[[ Data below open ]]

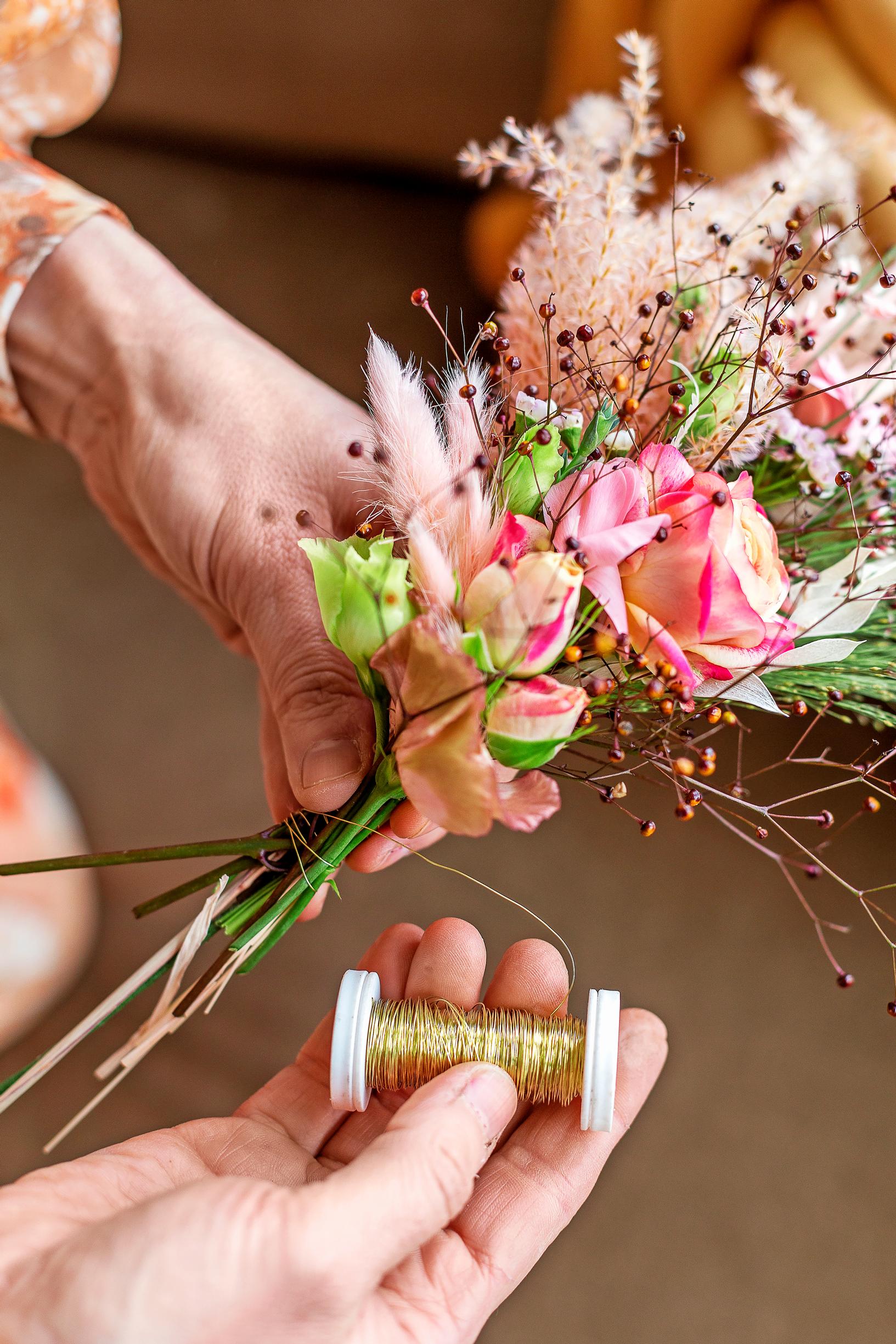 2. Cut the flower stems to about five centimeters. Take a small bundle of flowers and grasses in your hand and attach them to the base with thin wire. Wrap the wire around the stems a few times and gently pull it taut. Let the grasses extend freely, and allow the crown to remain slightly asymmetrical.
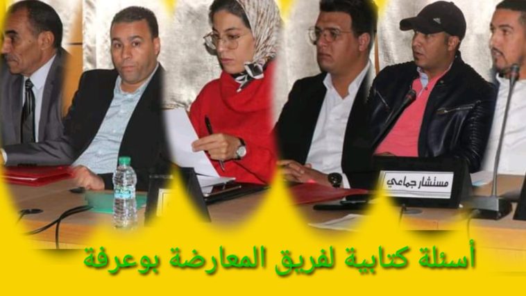 تقدم 06 أعضاء من فريق المعارضة، بالمجلس الجماعي لبوعرفة إقليم فجيج، نادية أقبوش، نورالدين قدراوي، محمد رمضاني، هشام عزة، عبد العزيز بنعبو، و يحي بهادي، اليوم 02 دجنبر الجاري، بثلاثة أسئلة كتابية، الى رئيس المجلس، وذلك طبقا للمادة 46 من القانون التنظيمي 113/14، وجاء السؤال الأول، حول مساهمة الجماعة في مشروع إنجاز المساحات الخضراء بشارع محمد السادس ببوعرفة، قرب ثانوية القاضي عياض، عن الكيفية التي تم بها تفويت صفقات تجهيزها، مع المطالبة بالوثائق التي تثبت ذلك، وقد أرسلت نسخة من هذا السؤال الى المجلس الأعلى للحسابات.
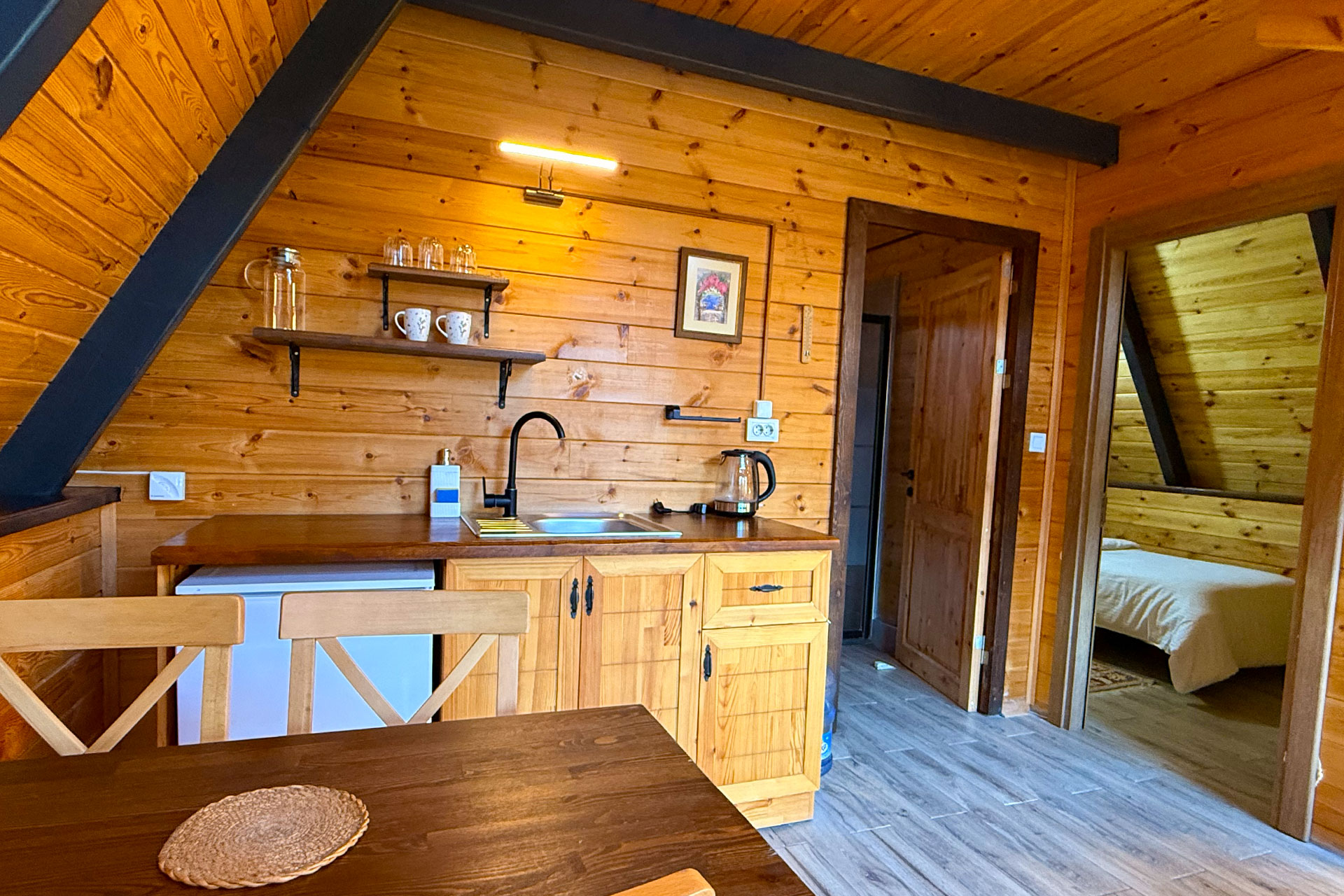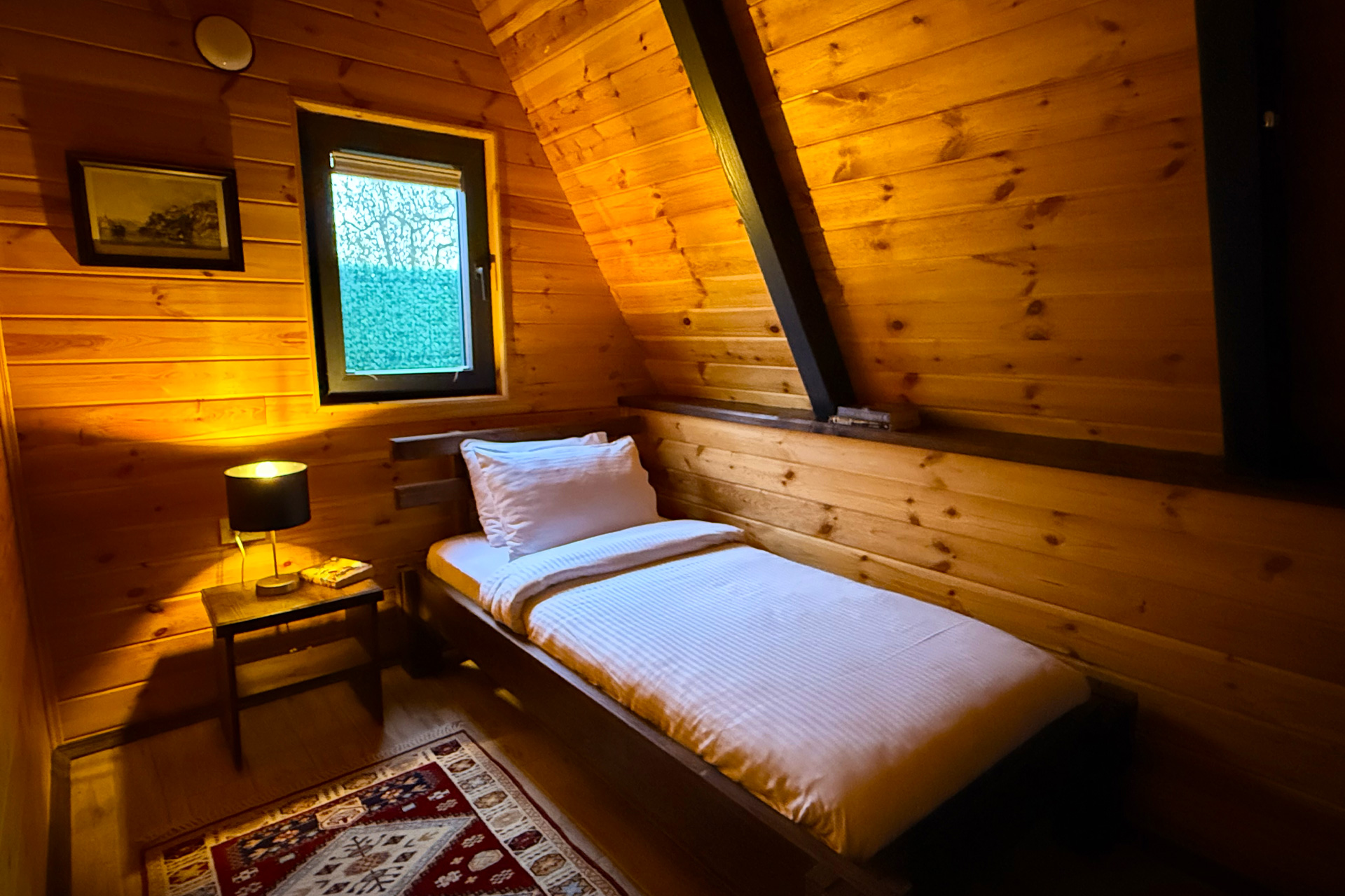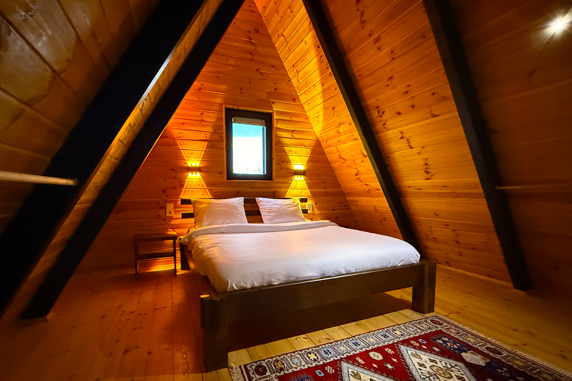 İç mekânda yer alan jakuzi, günün yorgunluğunu keyifle atmanızı sağlarken; 180×200 cm ve 90×200 cm konforlu yataklar, doğanın sessizliği eşliğinde huzurlu bir uyku deneyimi sunar.
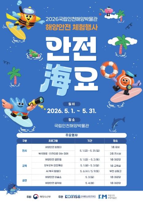 이 외에 ‘해양안전 마술쇼’, ‘해양안전 음악회’ 등 가족이 함께 즐길 수 있는 프로그램들도 진행된다. 이번 행사와 관련된 자세한 내용과 참여 방법은 국립인천해양박물관 누리집에서 확인할 수 있다.

[[ Data below closed ]]

What you are asked to do: Retype the line containing "İç mekânda yer" and all lines after it through the end of the material, exactly and only those, leaving out pictures.

Task response:
 İç mekânda yer alan jakuzi, günün yorgunluğunu keyifle atmanızı sağlarken; 180×200 cm ve 90×200 cm konforlu yataklar, doğanın sessizliği eşliğinde huzurlu bir uyku deneyimi sunar.
 이 외에 ‘해양안전 마술쇼’, ‘해양안전 음악회’ 등 가족이 함께 즐길 수 있는 프로그램들도 진행된다. 이번 행사와 관련된 자세한 내용과 참여 방법은 국립인천해양박물관 누리집에서 확인할 수 있다.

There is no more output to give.